→ Input data
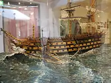 HMS St George was a 98-gun second rate ship of the line of the Royal Navy, launched on 14 October 1785 at Portsmouth.[1] In 1793 she captured one of the richest prizes ever. She then participated in the Naval Battle of Hyères Islands in 1795 and took part in the Battle of Copenhagen in 1801. She was wrecked off Jutland in 1811 with the loss of almost all her crew.
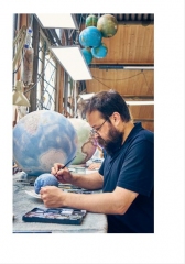 Peter Bellerby is a world-renowned globemaker and founder of artisan globemakers Bellerby & Co, which won the Queen’s Award for Enterprise in 2018 and 2021. Their studio has shipped globes to over sixty countries, and its work has been featured in books, on television, and in countless publications around the world. Peter lives in London with his partner Jade, who helps him run the company.
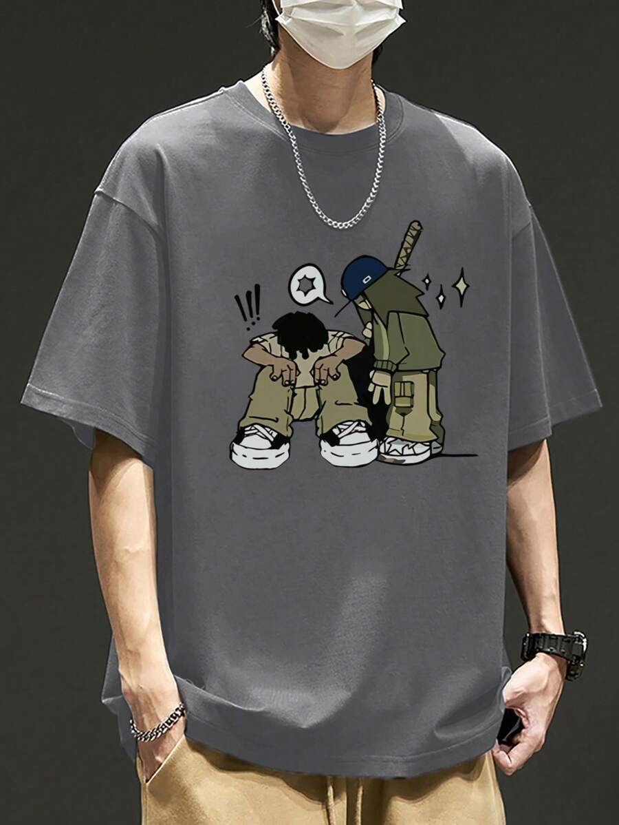 男士卡通印花圆领休闲宽松短袖T恤

→ Task objective
Return only what lies between the line containing "Peter Bellerby is" and the last line of the listing, those two lines included, exactly as written and with no pictures.

→ Task output
 Peter Bellerby is a world-renowned globemaker and founder of artisan globemakers Bellerby & Co, which won the Queen’s Award for Enterprise in 2018 and 2021. Their studio has shipped globes to over sixty countries, and its work has been featured in books, on television, and in countless publications around the world. Peter lives in London with his partner Jade, who helps him run the company.
 男士卡通印花圆领休闲宽松短袖T恤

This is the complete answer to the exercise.